YouTube music videos have their own unicorn club, and it's getting bigger, faster.

Peter Kafka covers media and technology, and their intersection, at Vox. Many of his stories can be found in his Kafka on Media newsletter, and he also hosts the Recode Media podcast.

At Re/code we are most definitely not in the habit of writing posts about infographics that land in our in-boxes, unbidden, via bulk mail.* But here we are, writing about an infographic. Two, actually.


Okay: YouTube wants us to know that the video for “See You Again,” Wiz Khalifa’s Paul Walker tribute from the most recent “Fast and the Furious” movie** has been seen a billion times.

But what YouTube really wants us to know is that lots of music videos have generated a billion views recently. Up until a few years ago, no video had generated a billion views, but now it’s happening all the time.

In 2012, “Gangnam Style” (Remember Psy?) became the first video to crack the billion mark. Now nine more have done it, and eight of them crossed that line in the last six months. Extra credit goes to Katy Perry and Taylor Swift, who are each responsible for two of them.

YouTube Billion View Music Videos

And those videos are also getting to a billion views faster than they used to. On average, it has taken the billion-view videos 484 days to hit that mark. But the last three did it in an average of 241 days.

YouTube billion views timeline

And here’s something YouTube would like to say out loud, but is hoping we do instead: These two charts make for a good reminder that even as Facebook’s video usage spikes, when people want to watch music videos they go to YouTube — and they’re doing it more often, even as Facebook grows.

And here’s another thing YouTube won’t say out loud, yet: Hey music labels — if you think you’re getting distribution like this anywhere else, you’re dreaming (or drunk or stoned). But YouTube execs certainly are saying this privately, as they start to renegotiate distribution deals with the big labels, which are starting to expire over the coming months.
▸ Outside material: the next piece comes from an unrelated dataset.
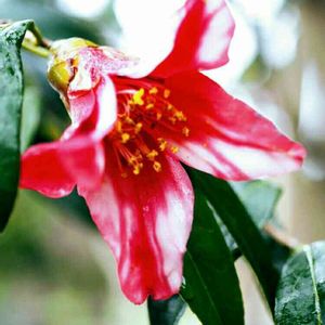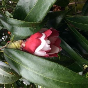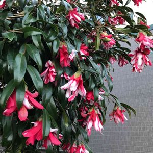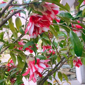 ぶら下がるような花のつき方をする孔雀椿。 真っ赤に咲いているのが多いですが、たまにマダラな色合いのも。

Those negotiations will be very interesting, because both sides are unhappy with each other: The labels think YouTube doesn’t give them enough money for all the free content they provide to watchers/listeners***, and YouTube thinks the labels are run by greedy fools. But both sides also get great value from each other, so the safe odds are that everything stays put at the end of it.
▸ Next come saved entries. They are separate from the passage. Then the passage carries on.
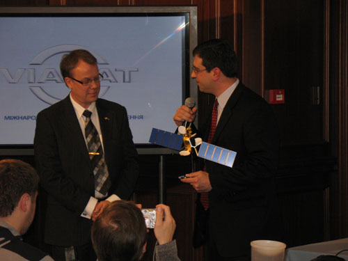 Генеральному директору Vision TV Ричарду Капрани вручают макет спутника Sirius 4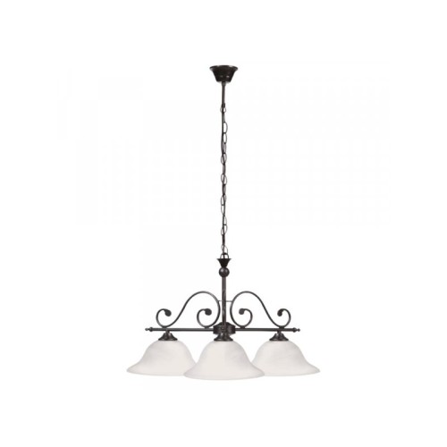| Karakteristike | Materijal: Metal/Staklo Karakteristike: IP zaštita: IP20 Broj grla: 3 Vrsta grla: E27 Specifikacije osvetljenja: E27 3 x MAX 60 W Primenjena voltaža: 230 V, 50 Hz Boja: Crna Dimenzije: Udaljenost od stropa: 90 cm Širina abažura: 64 cm Masa: 3.55 kg Pakovanje: Dimenzije pakovanja: 40 x 40 x 40.8 cm Bruto masa: 5.3 kg |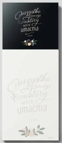 Zawarty na magnesie werset biblijny, „Wszystko mogę w Tym, który mnie umacnia. [Flp. 4,13]”, motywuje i dodaje otuchy każdego dnia, przypominając o sile, którą możesz czerpać z wiary.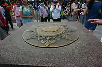 The monument stands just south of the White House at the north edge of The Ellipse, within President's Park. Atop the monument is a bronze 16-point compass rose with a very small worn-down pyramid at its center whose top serves as a National Geodetic Survey benchmark (HV1847).[1]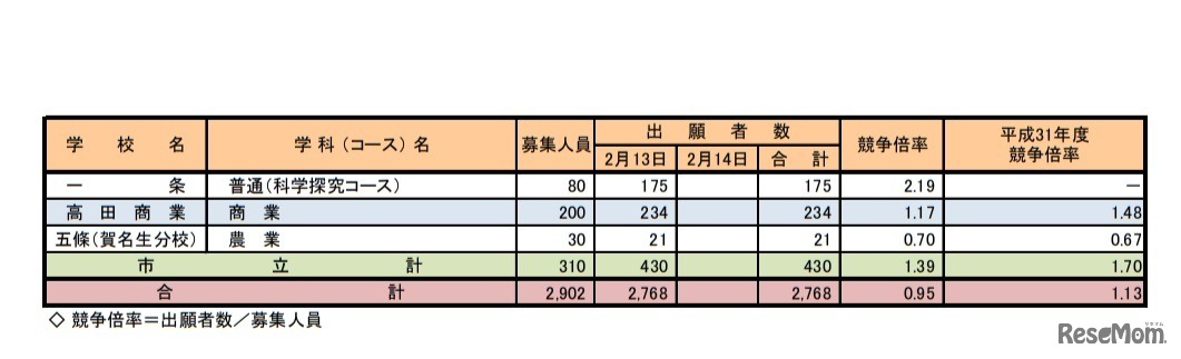 奈良県教育委員会は2020年2月13日、2020年度奈良県公立高校入学者特色選抜について、2月13日時点の出願状況を発表した。募集人員2,902人に対し、志願者が2,768人で競争倍率は0.95倍。競争倍率がもっとも高い学校は、市立一条(普通・科学探究コース)2.19倍だった。

But we might get some more infographics along the way.

* Seriously, PR pals. This is almost always a waste of time on your part. (Except when it’s not. So go ahead and keep clogging the Internet with these things. It only takes us a second to delete them, and who knows? Maybe this will be the time it works out.)
** From Universal Studios, which is owned by Comcast, which has invested in this website. Also: Did you know this about our Editor in Chief Ken Li?
*** Which is one of the reasons YouTube has been lurching toward a music video subscription offering for more than a year.